The New Yorker's Obama Cover: Fanning the Fire
Opinion: The New Yorker cover is more offensive than dangerous.
JULY 15, 2008 -- Author's Note: Daniel Pipes has complained that my op-ed piece was false in asserting that he "nurtured the rumor that Barack Obama is secretly a Muslim." For the record, it is true that Mr. Pipes has stated that he accepts that Obama is now a practicing Christian. In retrospect, I should have said that Pipes has nurtured rumors that Obama practiced Islam in his youth. -- Eboo Patel, Jan. 30, 2009
My wife called as I was staring at the cover of this week's New Yorker, trying to decide whether the depiction of Barack Obama dressed in traditional Muslim garb giving his machine-gun-toting wife a fist tap in the Oval Office was "tasteless and offensive" (as both the Obama and McCain camps stated) or mere humorous satire.
I am a loyal New Yorker reader and not easily offended, but something she said gave me pause.
Driving through central Illinois on a business trip, my wife could not believe what she was hearing on right-wing radio talk shows:
"Do you know what they're saying about Muslims on the station I'm listening to now?" she asked. "Basically, that we're a bunch of fundamentalists intent on suffocating people of other religions, and the only way to stop us is to get us all to convert to Christianity."
And that is what concerns me: The New Yorker cover is not so much offensive as it is dangerous, precisely because of the prevalence of negative stereotypes of Muslims (not to mention the resurrection of the ghost of black militancy), stereotypes now further cemented in much of America.
As the progressive Huffington Post blog said: "Anyone who's tried to paint Obama as a Muslim, anyone who's tried to portray Michelle as angry or a secret revolutionary out to get Whitey, anyone who has questioned their patriotism -- well, here's your image."
Magazines exist in a broader environment and have to take that into account when they publish.
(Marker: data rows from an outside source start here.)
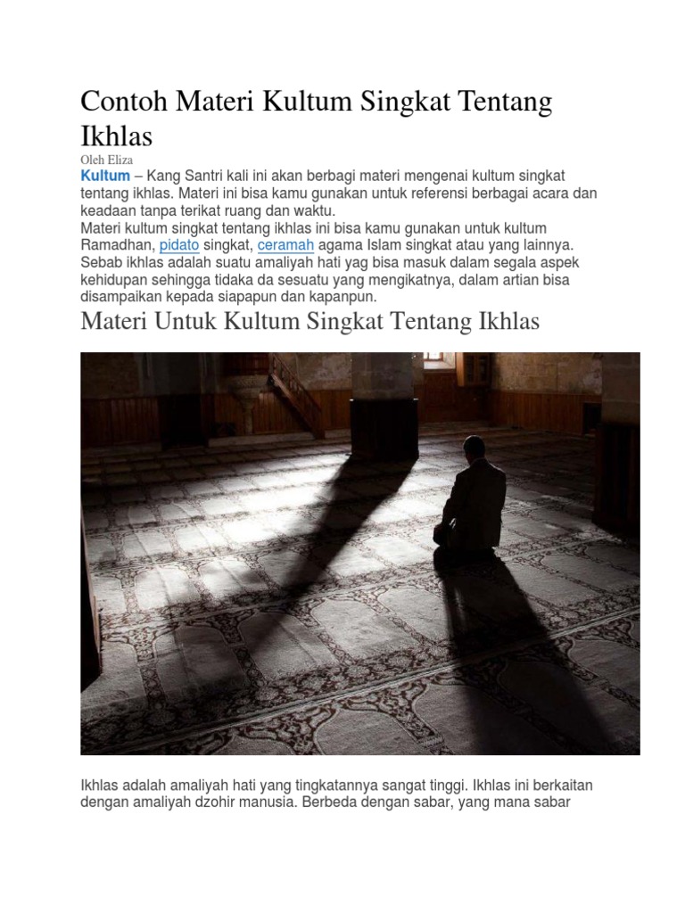 Contoh kultum tentang ikhlas. Contoh ceramah singkat tentang ikhlas. Ikhlas kata yang mudah diucapkan tapi sangat sulit untuk dilakukan. Kultum sebelum masuk dalam teks kultum singkat kultum terbaik ceramah agama islam ceramah pendek kultum singkat tentang sabar dll. Seseorang yang ikhlas tidak akan tidak akan mengharapkan pujian dari sesama makhluk. Fitnah yang dimaksud di sini adalah yang menimpa individu atau golongan. Materi ini bisa kamu gunakan untuk referensi berbagai acara dan keadaan tanpa terikat ruang dan waktu.
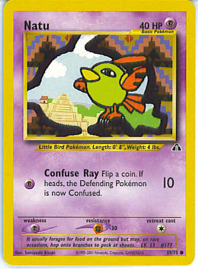 | Type | Psychic | | Pokemon serie | Neo Discovery | | Stadie | Basic | | HP | 40 | | Sjældenhed | Common | | Tilbagetrækning | 1 | | Modstand | F | | Svaghed | P | | Kortnummer | 59 | | Evne |
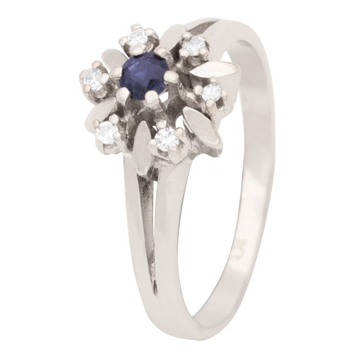 Weißgoldring aus den 50er Jahren mit Brillanten und Saphir
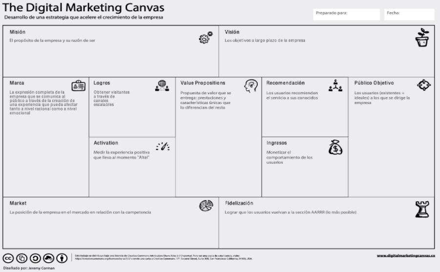 El lienzo de marketing digital elaborado por Dave McClure, proporciona un marco estructurado para comunicar la propuesta de valor de un producto o servicio con tácticas de marketing y tecnologías digitales. Los especialistas en marketing, emprendedores, desarrolladores, diseñadores, gerentes de ventas y éxito del cliente trabajan juntos en el DMC para descubrir estrategias de marketing que se alinean con el ciclo de vida del cliente digital y aceleran el crecimiento empresarial.
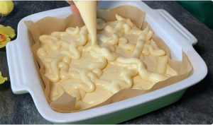 Kada su oba sloja spremna, sledi slaganje kolača. U tepsiju koju ste prethodno obložili pek papirom sipajte pripremljeno tijesto i ravnomijerno ga rasporedite po dnu. Potom, preko njega pažljivo kašikom nanesite smijesu od jogurta i limuna. Pomoću špatule poravnajte površinu, ali nemojte previše miješati slojeve – blago mramorni izgled kolača nakon pečenja upravo doprinosi njegovoj vizuelnoj privlačnosti.
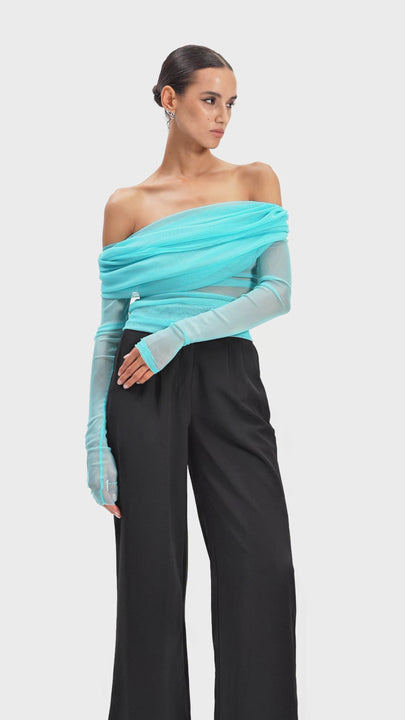 Clement Off Shoulder Ruch Mesh Top In Blue
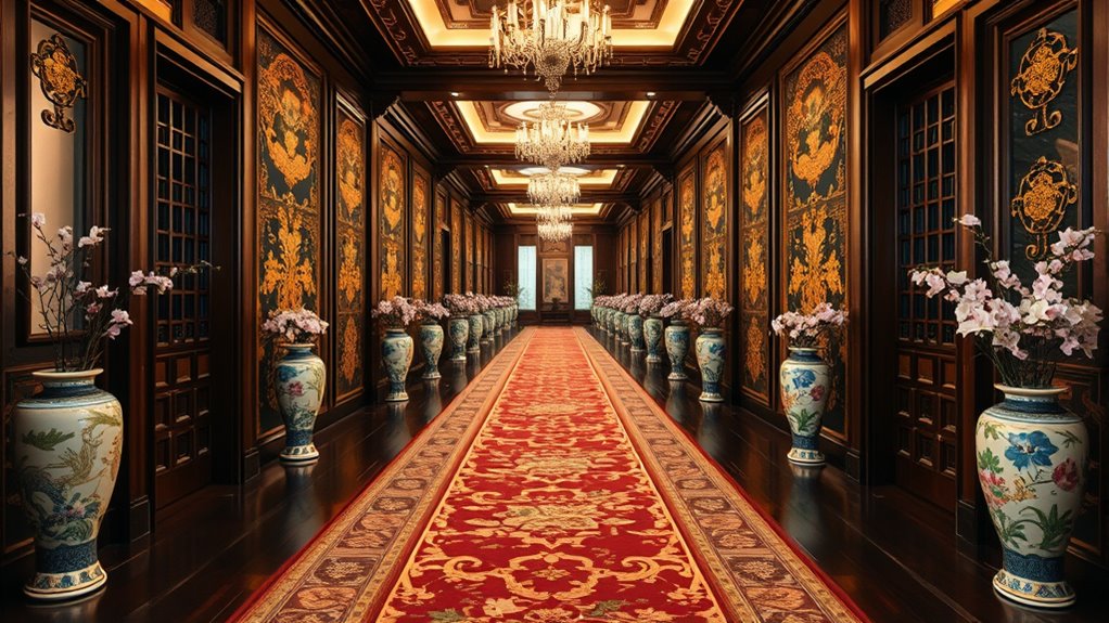 You’re wondering if Yilong Palace hallway silk runners are suitable for high-traffic areas. I believe they can work well because of their durability and elegant design, which adds sophistication without sacrificing practicality. However, I recommend choosing runners with a sturdy backing and easy-to-clean fabric to withstand frequent foot traffic. Overall, I think they can beautifully enhance busy hallways with proper maintenance and selection.
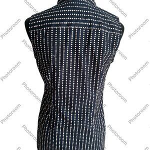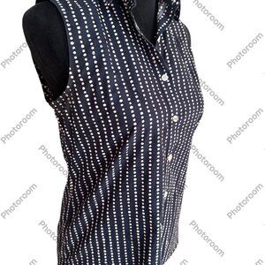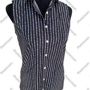 Lands' End Size 4 Navy & Purple Polka Dot Stripes Button Sleeveless Shirt
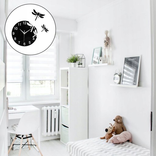 3d projekt zegara ściennego z delikatnym wystrojem dragonfly, jest to dobra dekoracja ścienna.
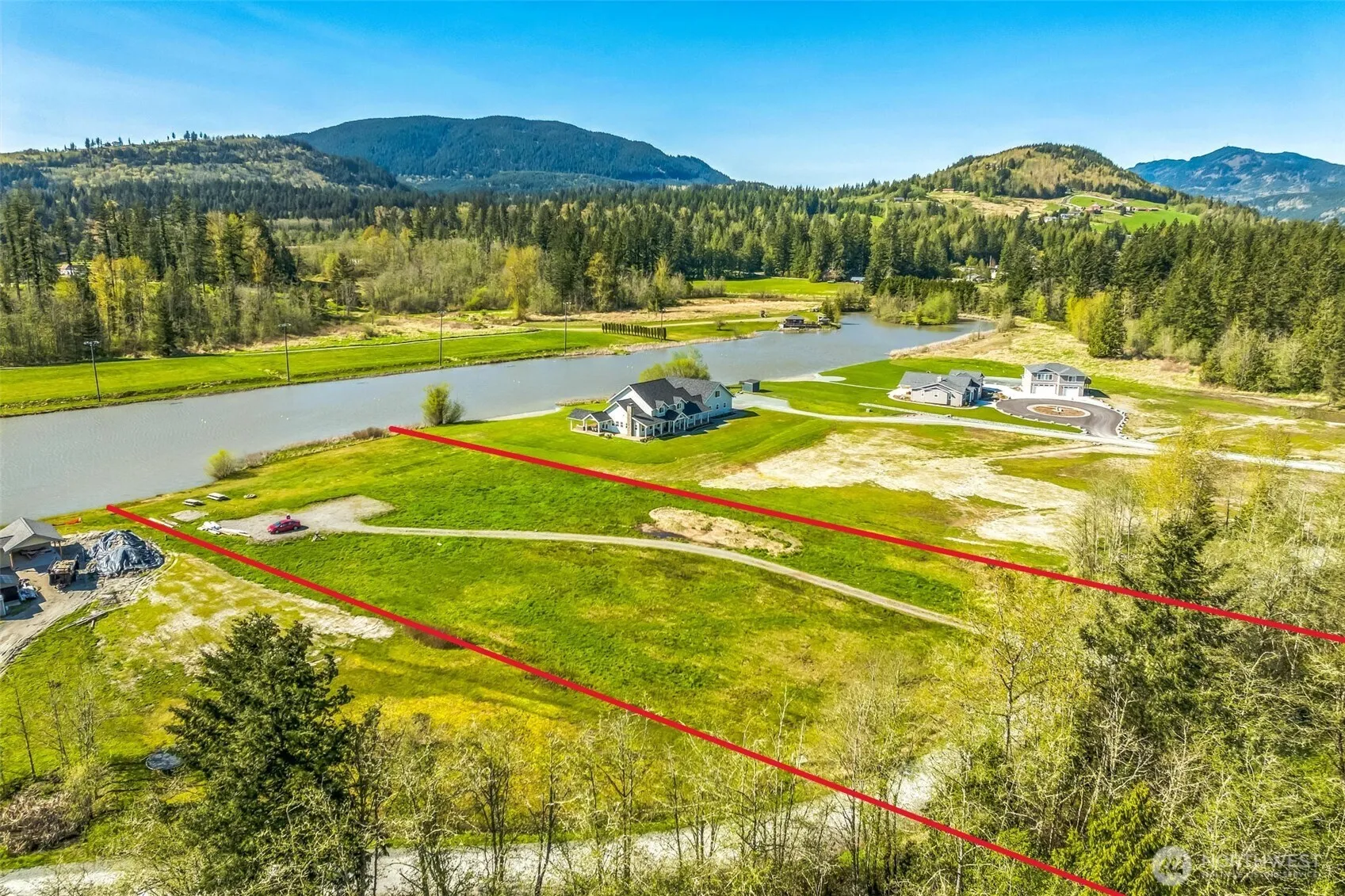 Build-ready stunning 5.8-acre lot with 203′ of low-bank lakefront in sought-after Bow Lake Estates—1 of just 3 vacant parcels left! Ideally located just minutes from I-5 & halfway between Seattle & Vancouver BC. This gated 8-lot luxury home community offers exclusive & private access to a unique waterski lake plus the marina, dock, boat launch, boat slips, hot tub, & more. Major prep work is complete: well & power on-site, 6-bed septic permit approved, wetland review & stormwater report complete. Last step is underway with plans for a 3,600 SF home with 6-car garage currently under county review—use them or opt to submit your own. This is a rare opportunity to fast-track a custom lakefront dream home in a premier PNW watersport destination!
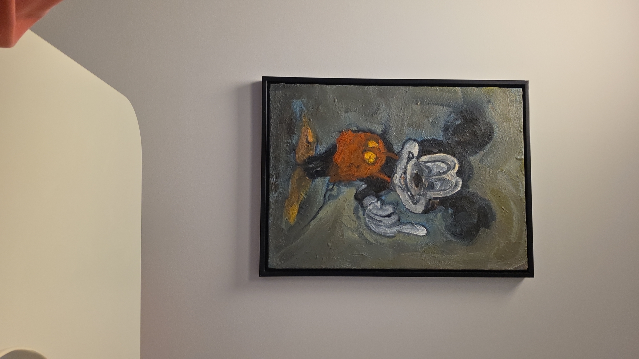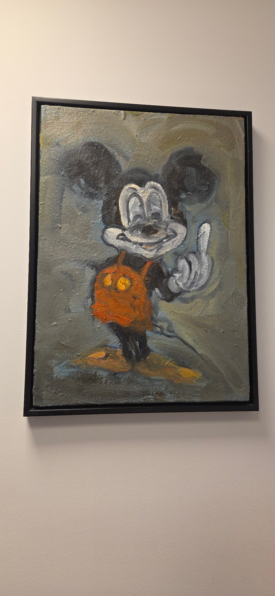 A painting of Mickey Mouse in a black frame hangs on a pale wall. The painting is done in a rough, expressive style with visible brushstrokes. The colors are muted, with grays, blacks, and oranges dom…read more
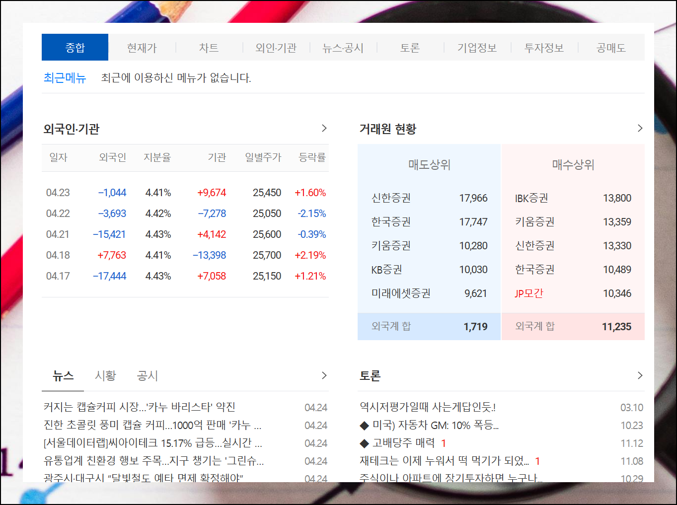 생소한 회사라면 [기업정보] 메뉴를 확인해보세요. 기업개요, 재무분석, 컨센서스, 업종분석, 투자지분 등 심층적인 콘텐츠를 살펴볼 수 있습니다. 핵심만 확인하고 싶다면 [종합] 버튼을 통해 외국인과 기관의 매매 동향, 최신 뉴스와 공시, 투자자 토론 내용을 한눈에 볼 수 있어요.
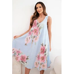 Model vyniká jemným výstřihem do tvaru V a efektním květinovým potiskem, který dodává celku romantický charakter. Je to vynikající volba pro ženy, které si cení módního vzhledu a pohodlí v jednom. Šaty se skvěle hodí jak k sandálům, tak k sportovní obuvi a vytvářejí stylizace pro různé příležitosti.
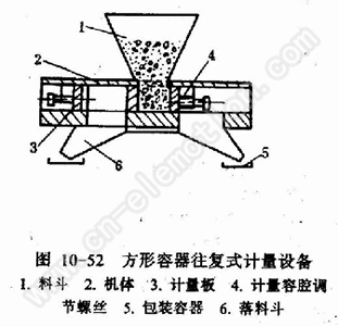 3.方形容器往复式计量设备 见图10-52,它有两个可以调整容积大小并作往复运动的计量腔。当计量腔运动到料仓下方时,物料落人腔内。当计量腔运动到落料斗上方时,向容器充填,两个计量腔轮流受料和充填。
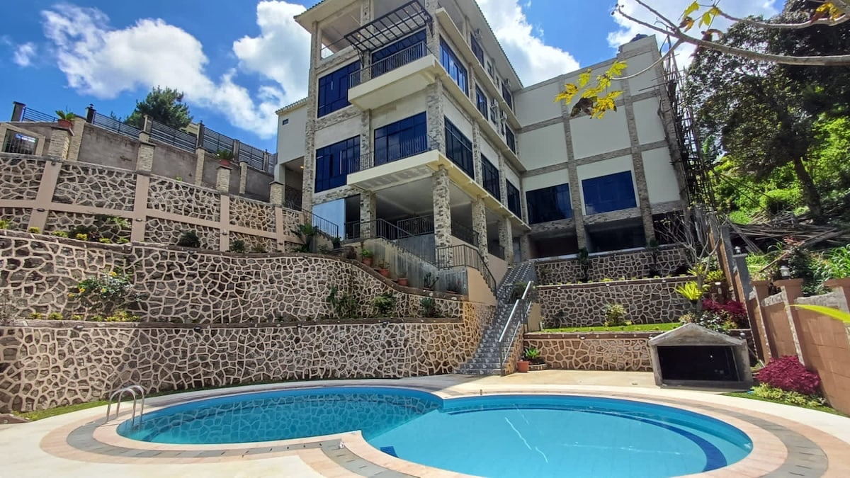 A spacious alpine-style villa made of pine wood, offering breathtaking views of Mt. Salak and Mt. Pangrango. The villa features a large main hall with one bedroom and two bungalows, each with two bedrooms, totaling five bedrooms. Enjoy the expansive space and the stunning natural surroundings. Relax in the swimming pool, filled with fresh mountain spring water. Perfect for those seeking a tranquil escape in a unique, nature-inspired setting.
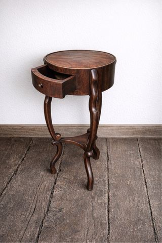 Mesita auxiliar redonda de estilo clásico, realizada en madera maciza, con patas cabriolé y travesaño central. Incorpora un cajón frontal funcional. No tiene carcoma. Tiene un pequeño detalle en un ángulo del cajón. Moble / mueble / cadira/ silla / restaurado / antiguo / antic / mesa / taula / decoración/ decoració / sofá / sillón/ butaca / retro / customizado / vitrina / bufet / buffete/ Ikea / maison du monde / consola / nit / noche / roure/ chene/ iluminación, farolas, foco,
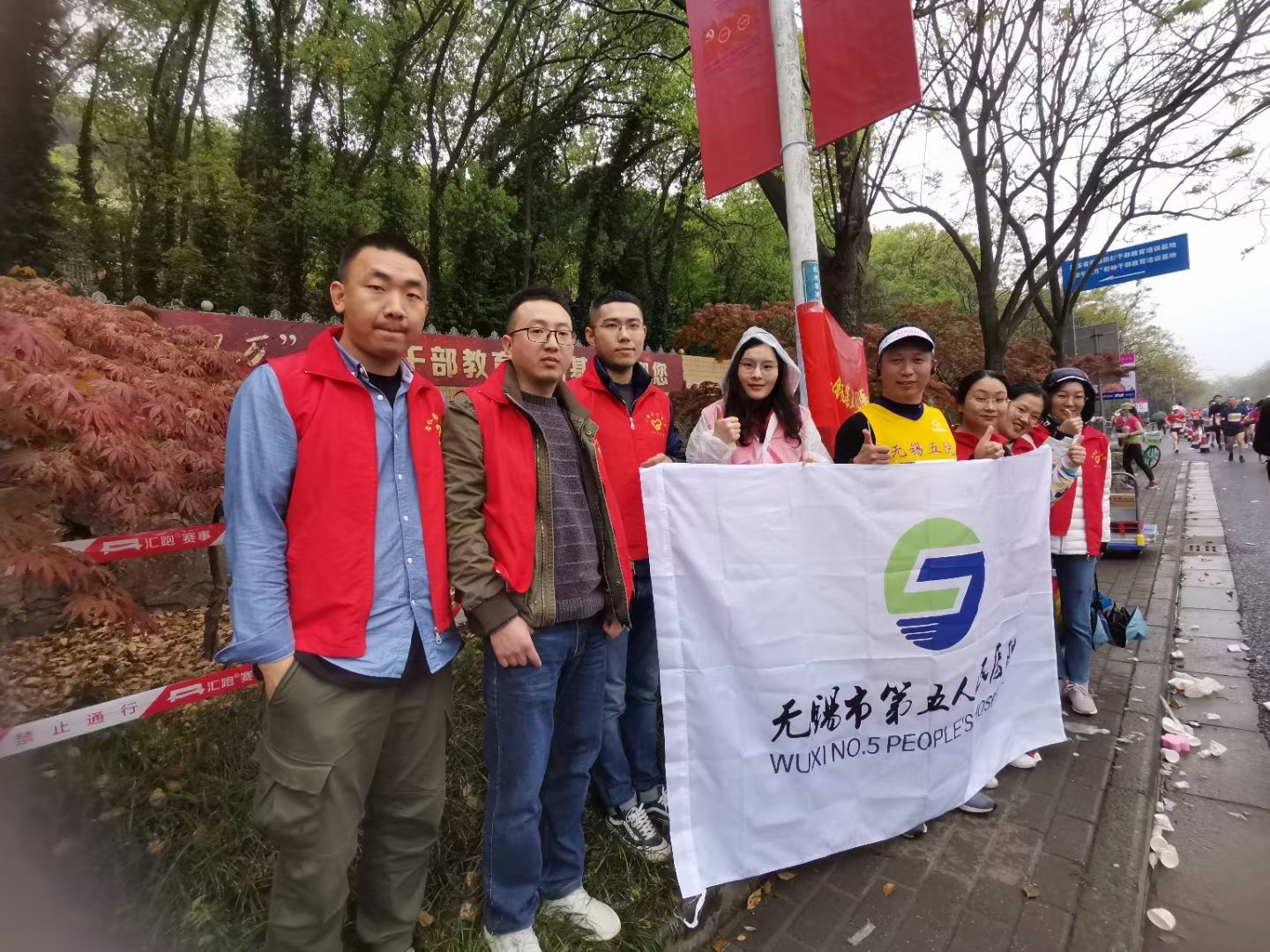 4月11日,樱花微雨,一年一度的无锡马拉松鸣枪开跑。一大清早,6点刚过,无锡市第五人民医院医技党支部的7名志愿者早早地来到赛道旁,为参赛选手加油打call,提供物资补给和医疗救助。他们一就位,立马投入工作,做着各种准备,医疗物资、运动饮料等一一摆开,以最便捷的方式迎接选手们的到来。

There is a difference between falsely shouting "Fire!" in a crowded theater and shouting the same word in an open field, where everyone can look around and see that you are lying.
Unfortunately, too much of the American populace is fearful and suspicious of Muslims. In a 2007 Pew Poll, 45 percent of Americans said Islam encourages violence. And a recent Gallup World Poll found that Americans' views of Muslims have actually gotten worse between 2006 and 2008, dropping 13 points.
This fear is not just in places like central Illinois. I am a frequent guest on public radio in cities like Minneapolis, Philadelphia and New York, places where The New Yorker has a strong readership, and nearly every show brings callers who ask me why Islam is such an inherently violent religion. For my group, Interfaith Youth Core, replacing religious misunderstanding with religious tolerance is a daily challenge.
There is a well-organized campaign under way to brand Barack Obama an extremist. Sean Hannity has made "stop the radical Barack Obama" a virtual chorus on his radio show. Claiming that Obama is secretly a Muslim -- a rumor that Daniel Pipes has nurtured through an essay on his Web site, and which about 13 percent of the country believes -- may be the quickest route to that goal.
The fact that Obama speaks frequently and eloquently about his Christian faith suggests that the "Obama is a secret Muslim" campaign may actually be a proxy for something else: the question of what role Muslims should be allowed to play in American public life. And that is a question that goes to the heart of what America is about.
I believe America is fundamentally a nation in which people from different backgrounds -- white and black, Muslim and Christian, gay and straight -- live together in equal dignity and mutual loyalty. That is the nation that our founders envisioned.
Consider Benjamin Franklin, who insisted that the pulpit of a Philadelphia church he supported be open to a Muslim preacher in 1739. Or take George Washington, who wrote in a letter to a Jewish congregation in 1790, "May the Children of the Stock of Abraham, who dwell in this land, continue to merit and enjoy the good will of the other Inhabitants."
That is the America Obama speaks about building, and it is that America that those who are leading the whisper campaign are deliberately violating.
My sense is that the editors at The New Yorker were trying to depict that battle. Unfortunately, their efforts ended up illustrating the fantasies of conspiracy theorists rather than the possibilities of America.
Eboo Patel is a founder and executive director of the Interfaith Youth Core, and an Ashoka/Asia Society fellow.